Okay. So now you've got your network size and you can route data between hosts via IP addresses. Now we need to move up the layer model from network host-to-host transport into the Session and Application layers. Now that we're moving data around, how does the computer know what to do with that data?
You've probably heard the term "packet" before and maybe you know that TCP/IP moves data around in the form of packets. So what is a packet and how does data get to be a packet?
TCP/IP is said to be a packet-switched networking method.

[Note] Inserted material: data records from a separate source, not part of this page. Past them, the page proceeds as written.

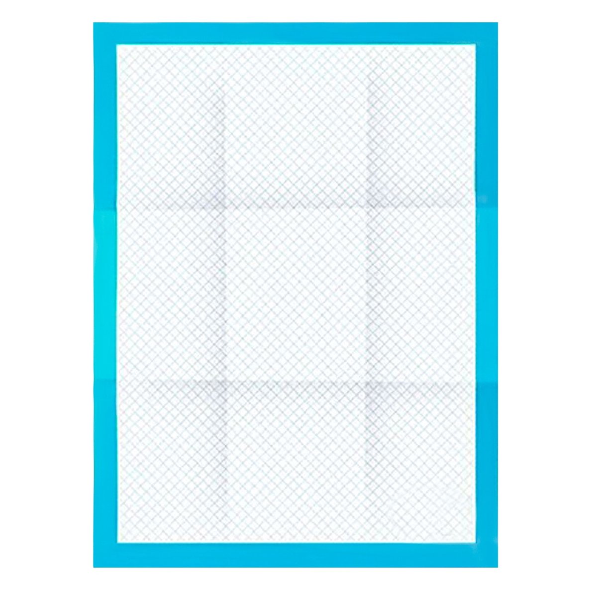 SPECYFIKACJA - kolor: niebieski / biały; materiał: włóknina, miazga drzewna, folia wylewana, makrocząsteczka + woreczki (PE 100%); wymiar podkładu: 60 x 90 cm, wymiary woreczka: 30 x 22 cm; wymiary opakowania: 28 x 40 x 18,5 cm; waga zestawu w opakowaniu: 3,250 kg.
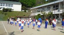 第1回目の今日は校庭で整列や行進の練習をしました。1~3年生は旧中学校グランドでも練習を始めました。
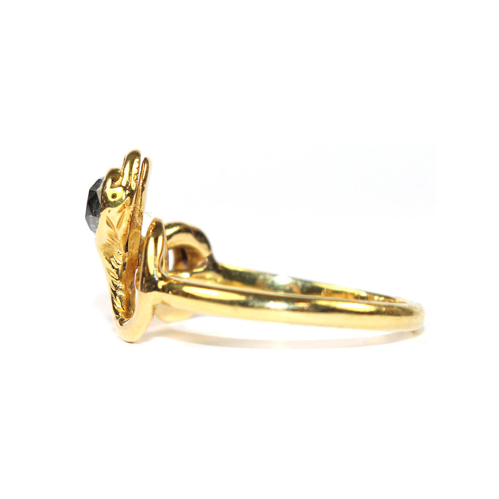 This unusual ring has a large old cut diamond set into the head of the snake which is curled around in a stylised lovers knot circle depicting the ouroborus.
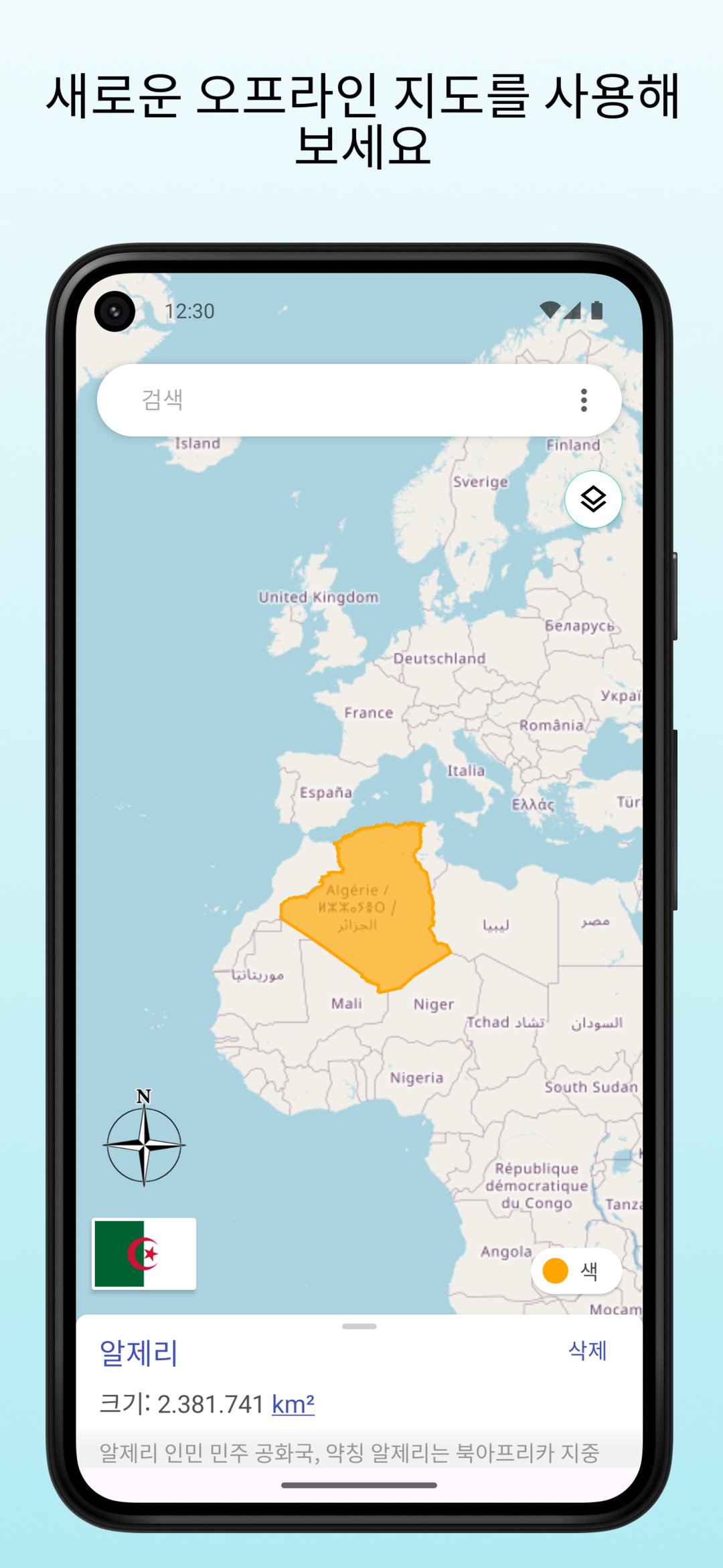이 앱에는 오프라인 지도가 포함되어 있어 인터넷 연결 없이도 사용할 수 있습니다.
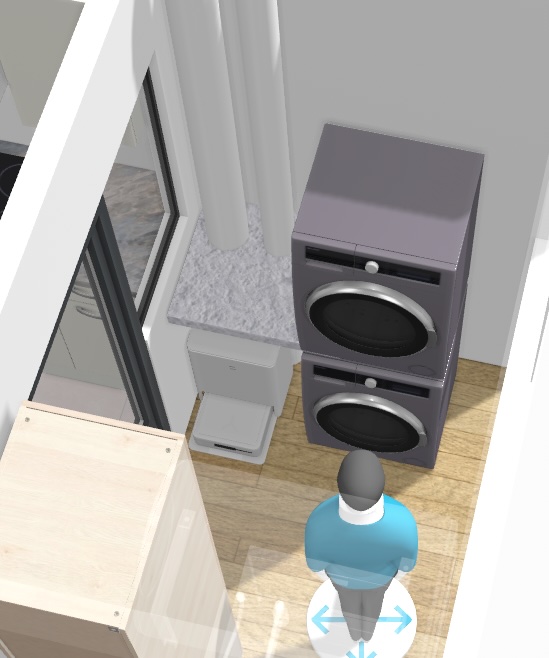 Layout idea for service yard.Left bottom for Robot Vacuum with plumbing (with carpentry to hide robot), right side stack washer and dryer
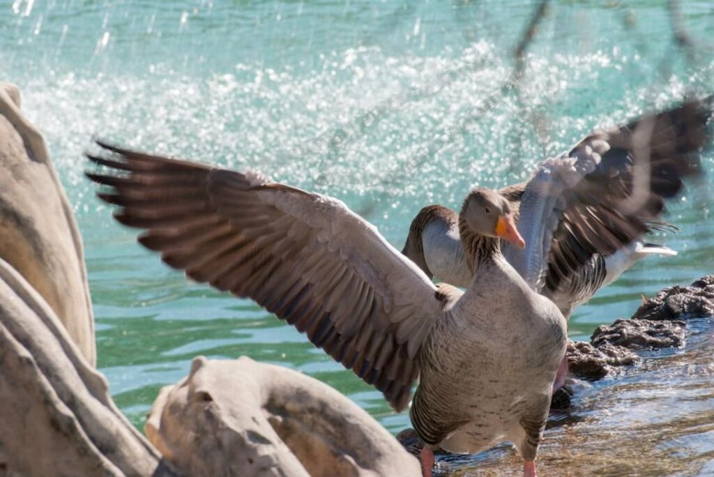 tentativo di volo da parte di un'anatra tra le acque del laghetto nel parc guell di Barcellona
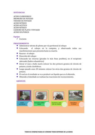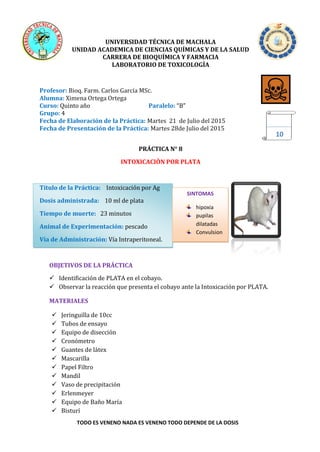 Este documento describe un experimento en el que se administró plata a un pescado por vía intraperitoneal para observar los efectos de la intoxicación por plata. El pescado murió 23 minutos después de la administración de 10 ml de plata. El documento detalla los objetivos, materiales, procedimiento, síntomas observados y conclusiones del experimento.
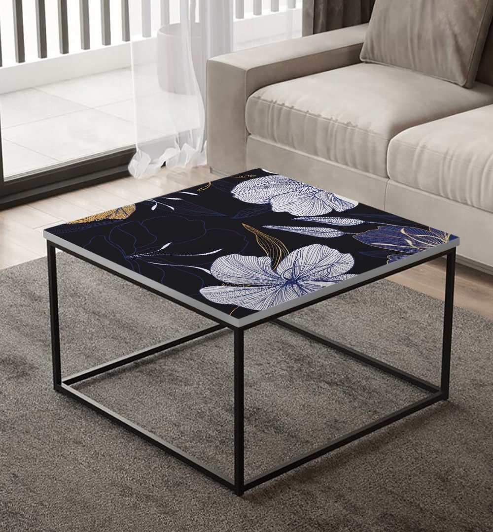 Tischfolie abstrakte Blumen Blätter gold blau Bubblefree selbstklebend ist kompatibel mit IKEA Lacktisch.
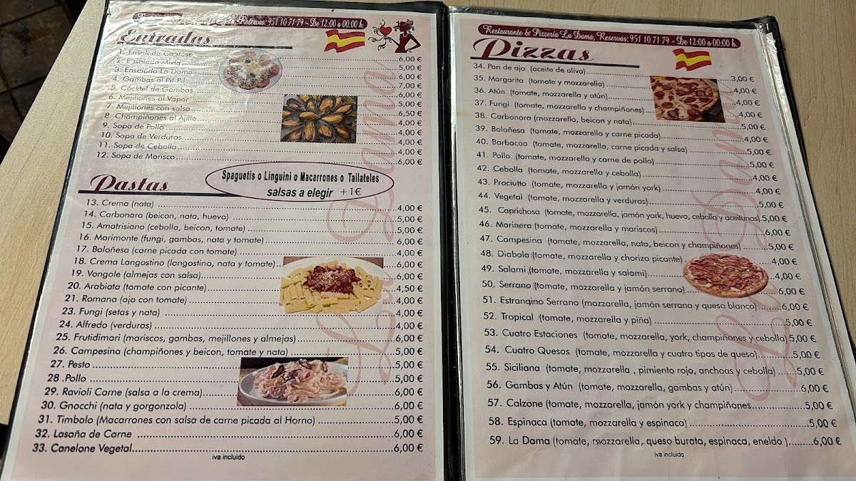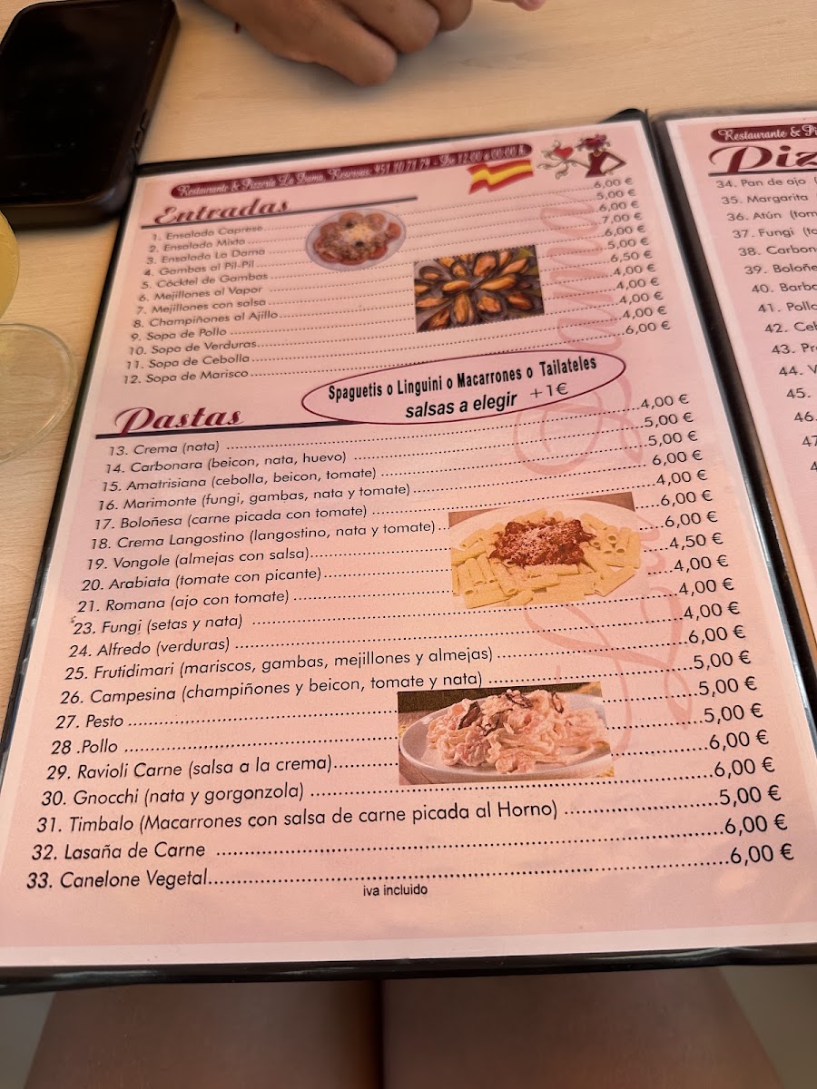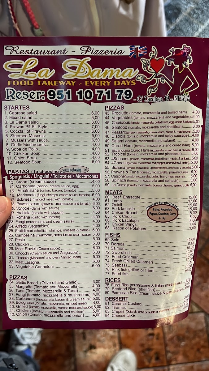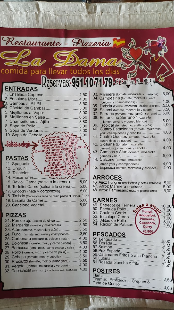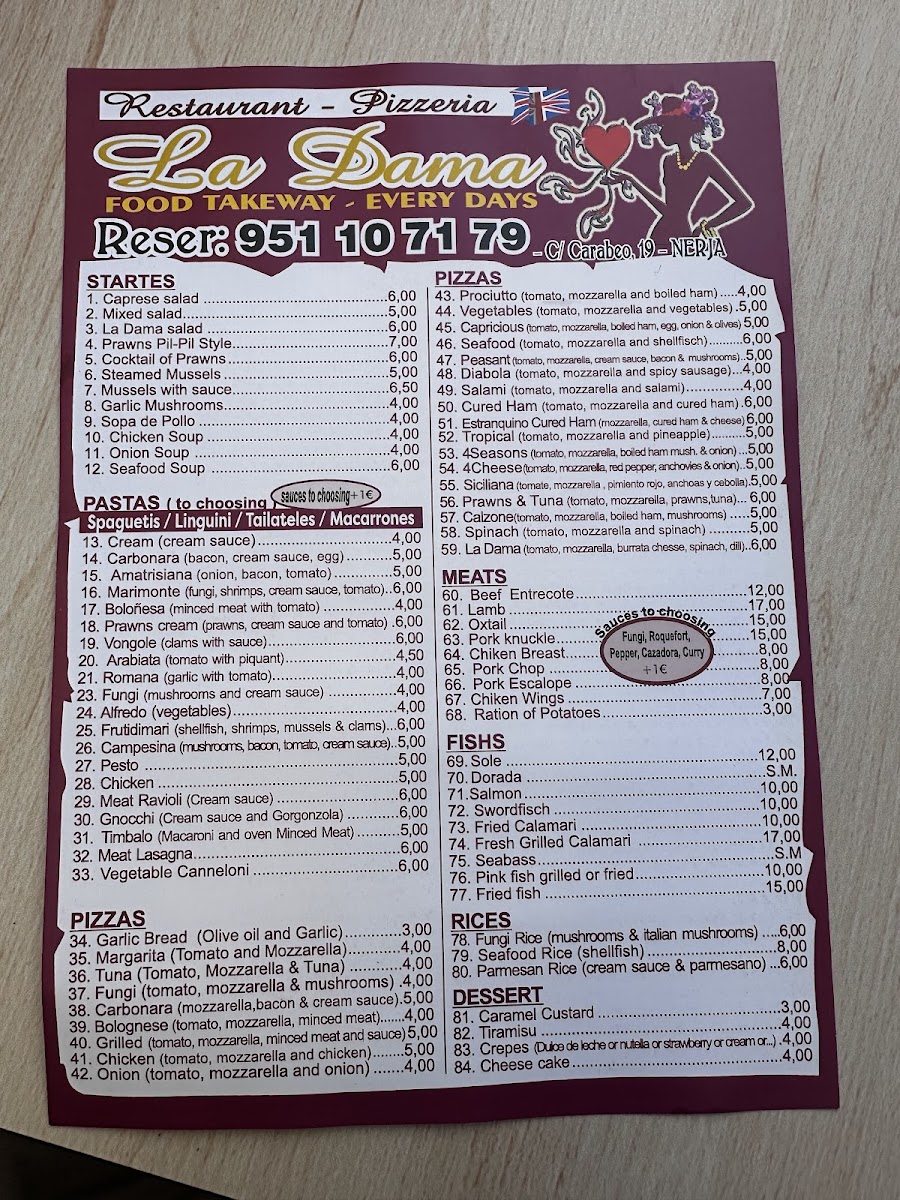 This menu fits naturally with La Dama’s casual atmosphere, inviting diners to savor their food without haste. Whether sharing a pizza over a bottle of wine or choosing a hearty main, the dishes reflect a balance between hearty comfort and Mediterranean freshness, perfectly matching the friendly, relaxed setting of Nerja’s culinary scene.
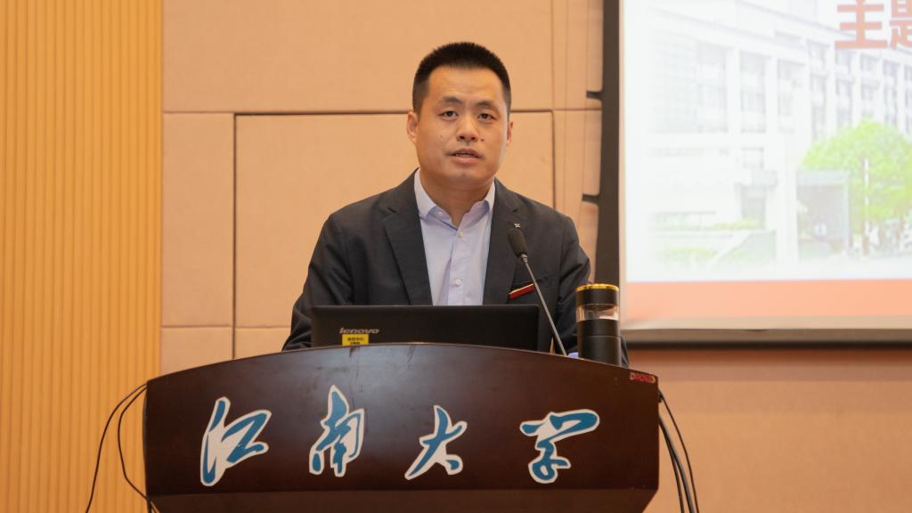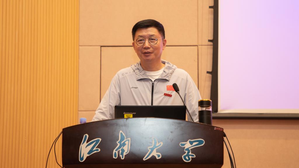 之后,蓝军会长向与会师生简要介绍了中国民族贸易促进会,并结合社会组织在新兴、未来产业中的定位,借助案例阐释了其成为新质生产力“蓄能器”的五个维度:信心、创新、资源、合作和发展。其中,在阐释信心维度时,蓝军会长强调要从中国共产党的坚强领导、中国经济的超强韧性、高水平对外开放与民营企业迎来发展“春天”等四个方面进行理解。结合中国民贸的使命目标,他讲述了受习近平总书记多次接见的亲身事迹,解读了中国经济数据背后的韧性、活力与潜力,分享了社会组织视角培育壮大新质生产力的见解。讲到发展维度时,蓝军指出新质生产力具有“高质量发展”特征,介绍了中国民贸携手91制片厂 研制发布的系列标准,强调了“高标准引领、高质量发展”与“助推生产性服务业高质量发展”等重要内容。最后,蓝军表达了对中国民贸与91制片厂 合作共建、一乡一品产业、科研成果转化、青年人才培养以及创业项目支持等方面的合作期待,勉励江南学子成为新质生产力的未来之星。

These easiest way to understand this is to contrast it against the more traditional circuit-switched telephone network. In the phone network you pick up the phone and dial a number. when the phone on the other end is taken off-hook that completes a circuit -- a single point-to-point connection is established. If there is a break anywhere in that circuit, the call is lost. (I know this is an oversimplification).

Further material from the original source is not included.